The UK has already signed MoUs with Indiana, North Carolina, South Carolina, Oklahoma and Utah.

Ghani said of the agreement: “Our pact with the state of Washington is a win for the UK, opening a door for our businesses to trade more openly and unlock new opportunities in key sectors.

“Each US state is a massive global market in its own right, and many have economies larger than the GDP of whole countries. By notching up our sixth such deal we’ve surpassed the £2 trillion mark for combined GDP of states who’ve done a deal with the UK, with many more in our sights.”
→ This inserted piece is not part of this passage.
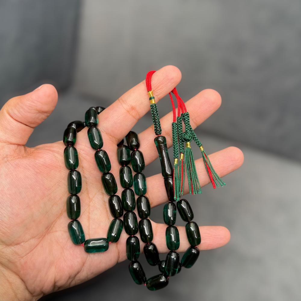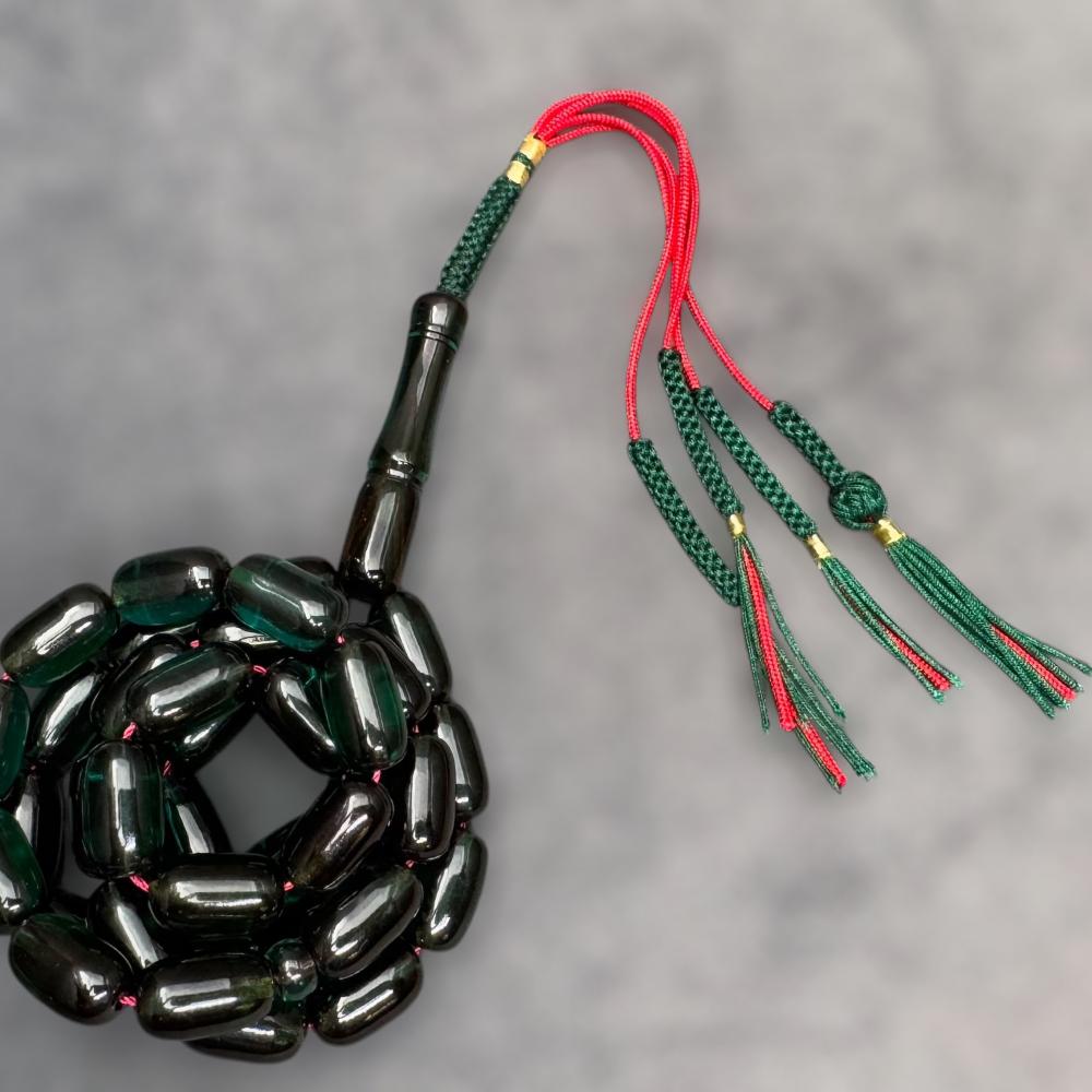 مسباح زعفران بلون زيتي بشفافية ياتيك بكركوشة شك يدوي

Read more: Marr: Growing crisis for UK’s exporting industry

“This particular deal will be fantastic for our aerospace industry through investor intros, trade missions, and increasing access to procurement markets. I’m delighted to join Boeing and our handpicked group of innovative UK companies to discuss how Government and industry can work together to create jobs and grow the economy.”

The UK is striking deals with individual States in lieu of a comprehensive trade agreement with the United States – a prize that has long been sought since Brexit. However, US concerns over the Irish border since leaving the EU has put talks on hold.